Let's take a look at some examples.....


Here's the start of the 1947 version: the titles are superimposed over a traveling backshot of Santa walking along Manhattan streets.  Introducing a robust, confident character with a backshot is a great way to create suspense, and the immersion in the life of the city alerts us to the film's subtext, which is that the modern world (and specifically New York) is a wonderful place to live.
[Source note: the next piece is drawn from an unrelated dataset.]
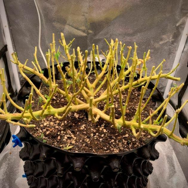 На 18-й день куст был обезглавлен. Пару дней дал ему прийти в себя, а потом убрал лопухи и начал гнуть. Наблюдая за тем, как растение реагирует на манипуляции, становится ясно, что с генами очень повезло. Идем без стрессов и тормозов. А еще по-прежнему без кормежки, только «Циркон» и янтарка раз в неделю по листу.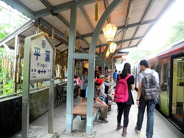 平溪火車站是平溪線上最大的火車站,雖然是平日但月台上還是有許多遊客.

The titles finish and Santa, who we'd only seen from the back til now, rounds a corner and stops to kibbitz when a shopkeeper goofs up his reindeer display. The back and forth between the two men establish Santa's personality. It works fine.


Now here's (above) the 1994 version. It starts with a frontal shot of Santa walking down a single street. The shot is made with a long lens, which flattens the background and robs it of its character.  No reveal, no subtext, and no color. Why is everything brown? I understand that it's cheaper to shoot this way, but is this really the best the director could do? What went wrong?

What went wrong is that the producer handed off a sentimental 40s story to an unsentimental Post Modern director. Unlike Woody Allen, the director just couldn't bring himself to cast New York in a positive light.


In the newer film Santa's character (above) is established by having him react to an astonished kid who recognizes him. It's not a bad way to go, but the handling was unimaginative. Too many close-ups, too long lenses, too few extras and pedestrian dialogue. And that's not all. 

Also at fault is the flat, deliberately deadening Post Modern way of staging.  Like atonal music, it's a bleak style that's deliberately meant to be flat and unsettling. Flat anesthetizes the senses. It's a style that fights the sentimental story it's trying to tell. It's a shame because you can tell that Richard Attenburough (Santa) had real enthusiasm for the role.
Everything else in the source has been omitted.